§ **Exercise aim**
The lines to output run from the first line of the entries below through the line containing "为切实做好2025年普高招生"; copy them exactly and leave out pictures.

Entries taken from a collection:
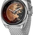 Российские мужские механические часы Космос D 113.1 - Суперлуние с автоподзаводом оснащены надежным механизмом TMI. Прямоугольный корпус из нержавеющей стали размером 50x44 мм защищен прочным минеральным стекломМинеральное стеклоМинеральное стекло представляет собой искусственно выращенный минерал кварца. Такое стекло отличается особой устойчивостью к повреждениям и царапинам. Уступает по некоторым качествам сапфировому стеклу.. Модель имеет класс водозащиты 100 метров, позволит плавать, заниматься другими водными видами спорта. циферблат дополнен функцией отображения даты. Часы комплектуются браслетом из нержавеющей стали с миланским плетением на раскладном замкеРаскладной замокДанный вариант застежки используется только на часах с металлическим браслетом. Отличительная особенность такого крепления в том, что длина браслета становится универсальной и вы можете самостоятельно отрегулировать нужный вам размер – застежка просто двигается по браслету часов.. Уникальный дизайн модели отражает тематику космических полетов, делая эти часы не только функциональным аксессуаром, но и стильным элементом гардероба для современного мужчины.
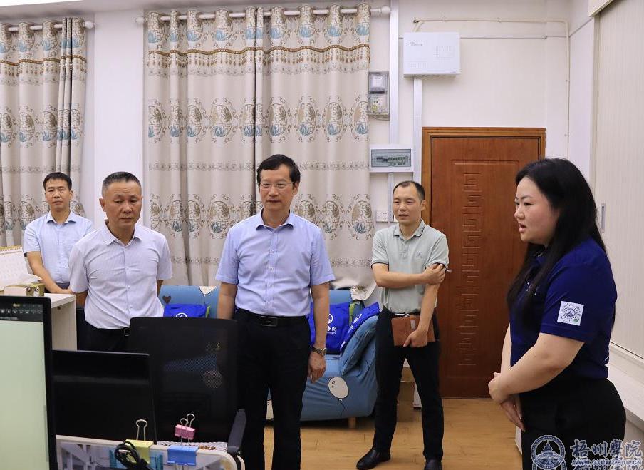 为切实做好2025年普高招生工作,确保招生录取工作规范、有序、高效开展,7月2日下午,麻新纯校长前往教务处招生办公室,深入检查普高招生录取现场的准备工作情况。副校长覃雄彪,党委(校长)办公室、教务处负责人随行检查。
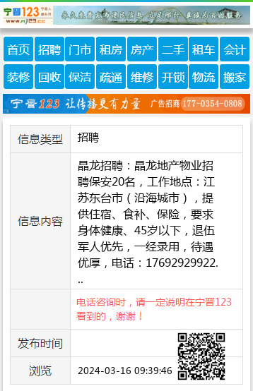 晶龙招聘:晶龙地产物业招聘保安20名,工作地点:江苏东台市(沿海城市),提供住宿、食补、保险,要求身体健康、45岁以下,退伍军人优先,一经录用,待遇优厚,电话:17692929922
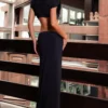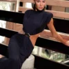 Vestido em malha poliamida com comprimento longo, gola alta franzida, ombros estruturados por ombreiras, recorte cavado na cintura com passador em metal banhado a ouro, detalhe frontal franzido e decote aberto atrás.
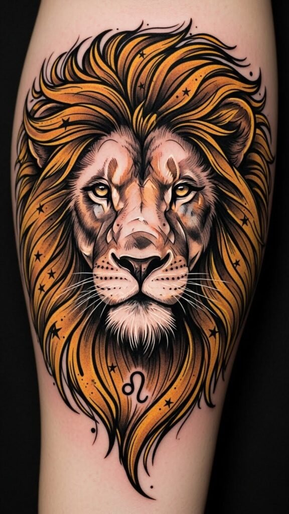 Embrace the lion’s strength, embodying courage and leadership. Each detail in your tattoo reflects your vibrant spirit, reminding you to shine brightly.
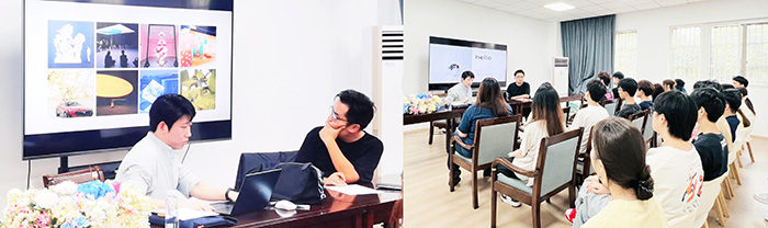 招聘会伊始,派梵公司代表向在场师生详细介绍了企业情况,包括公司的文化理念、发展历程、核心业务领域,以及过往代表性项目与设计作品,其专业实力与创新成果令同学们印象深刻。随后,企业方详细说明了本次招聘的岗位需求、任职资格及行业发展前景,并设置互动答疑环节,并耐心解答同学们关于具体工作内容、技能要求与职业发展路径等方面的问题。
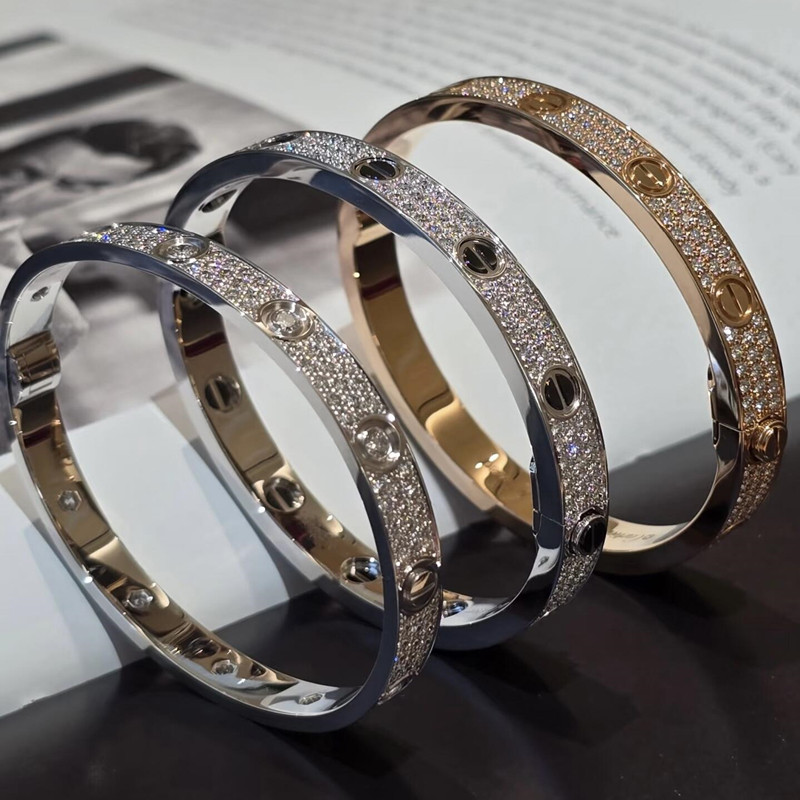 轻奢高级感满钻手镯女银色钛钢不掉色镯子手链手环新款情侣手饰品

§ **Solution**
 Российские мужские механические часы Космос D 113.1 - Суперлуние с автоподзаводом оснащены надежным механизмом TMI. Прямоугольный корпус из нержавеющей стали размером 50x44 мм защищен прочным минеральным стекломМинеральное стеклоМинеральное стекло представляет собой искусственно выращенный минерал кварца. Такое стекло отличается особой устойчивостью к повреждениям и царапинам. Уступает по некоторым качествам сапфировому стеклу.. Модель имеет класс водозащиты 100 метров, позволит плавать, заниматься другими водными видами спорта. циферблат дополнен функцией отображения даты. Часы комплектуются браслетом из нержавеющей стали с миланским плетением на раскладном замкеРаскладной замокДанный вариант застежки используется только на часах с металлическим браслетом. Отличительная особенность такого крепления в том, что длина браслета становится универсальной и вы можете самостоятельно отрегулировать нужный вам размер – застежка просто двигается по браслету часов.. Уникальный дизайн модели отражает тематику космических полетов, делая эти часы не только функциональным аксессуаром, но и стильным элементом гардероба для современного мужчины.
 为切实做好2025年普高招生工作,确保招生录取工作规范、有序、高效开展,7月2日下午,麻新纯校长前往教务处招生办公室,深入检查普高招生录取现场的准备工作情况。副校长覃雄彪,党委(校长)办公室、教务处负责人随行检查。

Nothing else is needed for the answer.